Insulin-like growth factor-1 (IGF-1) has various functions, such as increasing glucose uptake mediated by a signal transmission molecule in a manner similar to the mechanism of action of insulin, promoting the synthesis of and suppressing the breakdown of glycogen, and increasing the uptake of free fatty acids. In addition, by promoting protein synthesis and cell proliferation, IGF-1 promotes an increase in muscle mass.³⁶ IGF-1 is present in systemically circulating and localized forms. The localized form of IGF-1 occurs as the three isoforms of IGF-1Ea, b, and c. Among these, IGF-1Ec, also termed “mechano growth factor,” is secreted as a result of skeletal muscular contraction, contributes to the maintenance of and an increase in muscle mass, and works with other isoforms to positively control bone mass.³⁷ In a study using an ovariectomized murine model, we found that bone remodeling in the femur and lumbar vertebrae was activated as a result of stimulation by exercise. Furthermore, exercise has been shown to increase skeletal muscle IL-6, IL-10, and IL-15 expression, and to suppress TNF-α expression.^38–41

Blood pressure stability: direct or indirect blood pressure regulation

Apelin is a physiologically active peptide that is secreted by myocytes and adipocytes, and promotes glucose energy metabolism⁴² and insulin sensitivity.⁴³ Apelin is an endogenous ligand of the apelin receptor (APJ), which is an orphan G-protein-coupled receptor.^44,45 Apelin generates nitric oxide by activating endothelial nitric oxide synthase (eNOS) present in vascular endothelial cells and has hypotensive effects due to vasodilation.^46,47 The receptors APJ and angiotensin II type-1 receptor bind together to form a heterodimer. These receptors function as an endogenous antagonistic system that suppresses the angiotensin II type 1 receptor hypertensive system, with an endogenous suppressive mechanism of hypertensive activity.^47,48

Furthermore, apelin is expressed in tissues, such as adipose tissue, the kidneys, the heart, and blood vessels, as well as skeletal muscle.^49,50 Apelin induces an aortal increase in eNOS phosphorylation activity.⁴⁷ Obesity reduces eNOS phosphorylation activity in the arteries, and the consequent decreased nitric oxide production exacerbates arteriosclerosis.^51,52 Vasodilation due to increased arterial nitric oxide leads to reduced arteriosclerosis.⁵² Additionally, apelin plays a role in promoting nitric oxide production by binding to APJ in endothelial cells, thus promoting eNOS phosphorylation mediated by AMP-activated protein kinase or by Akt from phosphoinositide 3-kinase.^53–55

In vascular tissue, APJ is expressed by endothelial cells and smooth myocytes, and endothelial APJ induces vasodilation, which reduces blood pressure.⁴⁷ However, APJ may also have vasoconstrictive activity.^56,57 With stimulation by apelin, the APJ ligand increases blood pressure, constricts blood vessels, and with simultaneous stimulation of the APJα1A adrenalin-receptor, strongly constricts isolated blood vessels.

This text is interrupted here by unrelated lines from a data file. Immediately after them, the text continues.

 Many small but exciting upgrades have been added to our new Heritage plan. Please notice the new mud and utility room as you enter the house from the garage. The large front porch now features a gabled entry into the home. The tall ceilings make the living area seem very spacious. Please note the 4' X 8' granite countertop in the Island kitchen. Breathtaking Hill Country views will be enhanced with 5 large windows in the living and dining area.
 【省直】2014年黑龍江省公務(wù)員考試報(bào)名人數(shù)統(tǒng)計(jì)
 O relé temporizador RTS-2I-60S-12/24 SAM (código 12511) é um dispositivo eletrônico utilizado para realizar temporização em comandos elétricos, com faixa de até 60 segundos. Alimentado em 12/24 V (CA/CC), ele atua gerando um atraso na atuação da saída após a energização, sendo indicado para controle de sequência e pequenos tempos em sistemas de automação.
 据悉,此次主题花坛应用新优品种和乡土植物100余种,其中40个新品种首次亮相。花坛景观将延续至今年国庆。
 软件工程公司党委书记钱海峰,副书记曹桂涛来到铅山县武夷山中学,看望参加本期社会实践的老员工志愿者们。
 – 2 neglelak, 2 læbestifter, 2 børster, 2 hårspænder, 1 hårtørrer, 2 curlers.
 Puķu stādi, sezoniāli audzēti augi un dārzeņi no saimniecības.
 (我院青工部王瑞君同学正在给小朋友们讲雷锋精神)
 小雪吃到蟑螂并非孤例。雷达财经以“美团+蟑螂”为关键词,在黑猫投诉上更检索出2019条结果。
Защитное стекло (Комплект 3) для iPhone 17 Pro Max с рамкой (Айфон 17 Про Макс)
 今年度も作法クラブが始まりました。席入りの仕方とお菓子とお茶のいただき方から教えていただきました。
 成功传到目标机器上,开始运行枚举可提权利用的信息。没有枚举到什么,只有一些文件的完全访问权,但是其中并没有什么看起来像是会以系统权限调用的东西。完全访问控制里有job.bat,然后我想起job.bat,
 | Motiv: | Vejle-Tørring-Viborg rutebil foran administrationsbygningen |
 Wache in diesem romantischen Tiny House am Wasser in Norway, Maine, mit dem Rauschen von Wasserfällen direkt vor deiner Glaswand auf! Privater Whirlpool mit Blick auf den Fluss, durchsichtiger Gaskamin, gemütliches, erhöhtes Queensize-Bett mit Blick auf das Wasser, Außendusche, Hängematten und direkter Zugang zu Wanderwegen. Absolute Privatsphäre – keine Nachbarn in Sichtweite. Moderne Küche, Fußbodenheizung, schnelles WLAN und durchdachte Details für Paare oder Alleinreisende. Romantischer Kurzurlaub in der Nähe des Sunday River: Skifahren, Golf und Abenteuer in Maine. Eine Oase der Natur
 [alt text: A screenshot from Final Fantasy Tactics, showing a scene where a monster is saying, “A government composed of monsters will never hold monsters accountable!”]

Prevention of cancer: suppression of cancer cell proliferation due to humoral immunity

There have been numerous reports regarding the potential for the suppression of cancer proliferation by exercise. In a study in which mice were injected with cancer cells, cancer lesion growth rates were compared between groups with and without exercise.⁵⁸ Cancer growth was found to be suppressed in the exercise group, and the mechanism involved promoting the mobilization of natural killer cells mediated by epinephrine and IL-6.⁵⁹

Myokines are thought to be responsible for some of the various mechanisms of suppressing cancer growth due to exercise, and are considered to have cancer-growth-suppressing effects involving secreted protein acidic and rich in cysteine (SPARC).⁶⁰ SPARC levels decrease with aging and inactivity.⁶⁰ Although skeletal muscles are present throughout the body, cancer metastasis to the muscles is uncommon, and antioxidants and enzymes present in myocytes might be important for suppressing cancer growth.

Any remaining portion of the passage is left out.